**TASK PROMPT**
An exact repetition of the data is required; no picture should appear in it.

**TASK INPUTS**
______

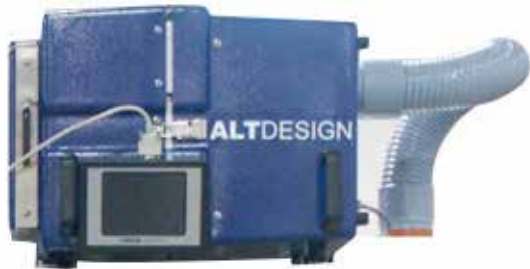
Part # – MACS-AHU-S-DE
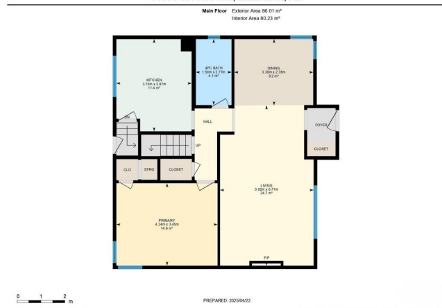
11611 111 Ave NW, Edmonton, AB
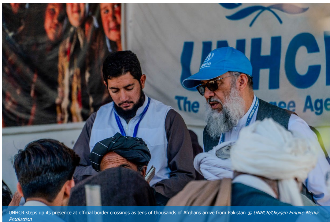
UNHCR steps up its presence at official border crossings as tens of thousands of Afghans arrive from Pakistan
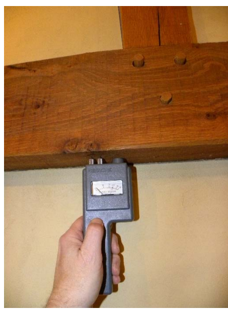
Figure 1 Hand-held resistance-type moisture meter with short pins inserted into the timber measures the MC near the surface of the timber

To take advantage of possible increases in strength and apply the increase to the allowable design stresses, the MC of the timber must be known. The true MC of wood can be determined only by oven drying a sample. However, portable moisture meters using electrical capacitance or electrical conductance can display the approximate moisture content of wood. Capacitancetype meters measure the electrical field within a small area of a piece of wood. They do not require penetration of probes into the wood and generally provide the average moisture content throughout a certain depth, typically less than an inch; however, a wet surface (e.g., rain on a window sill) can dramatically affect the reading. These meters are particularly useful for measuring the moisture content of interior and exterior woodwork (doors, windows, trim, etc.) and dimension lumber.
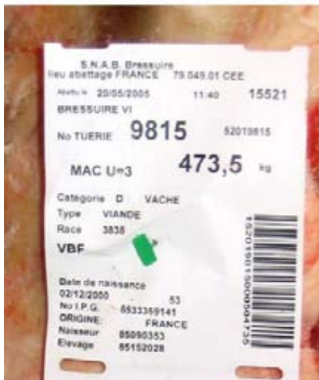
Figure 2. The label on the carcass.

Controls from veterinaries of the Ministry of Agriculture.

______

**RESULT OF THE TASK**
Part # – MACS-AHU-S-DE
11611 111 Ave NW, Edmonton, AB
UNHCR steps up its presence at official border crossings as tens of thousands of Afghans arrive from Pakistan
Figure 1 Hand-held resistance-type moisture meter with short pins inserted into the timber measures the MC near the surface of the timber

To take advantage of possible increases in strength and apply the increase to the allowable design stresses, the MC of the timber must be known. The true MC of wood can be determined only by oven drying a sample. However, portable moisture meters using electrical capacitance or electrical conductance can display the approximate moisture content of wood. Capacitancetype meters measure the electrical field within a small area of a piece of wood. They do not require penetration of probes into the wood and generally provide the average moisture content throughout a certain depth, typically less than an inch; however, a wet surface (e.g., rain on a window sill) can dramatically affect the reading. These meters are particularly useful for measuring the moisture content of interior and exterior woodwork (doors, windows, trim, etc.) and dimension lumber.
Figure 2. The label on the carcass.

Controls from veterinaries of the Ministry of Agriculture.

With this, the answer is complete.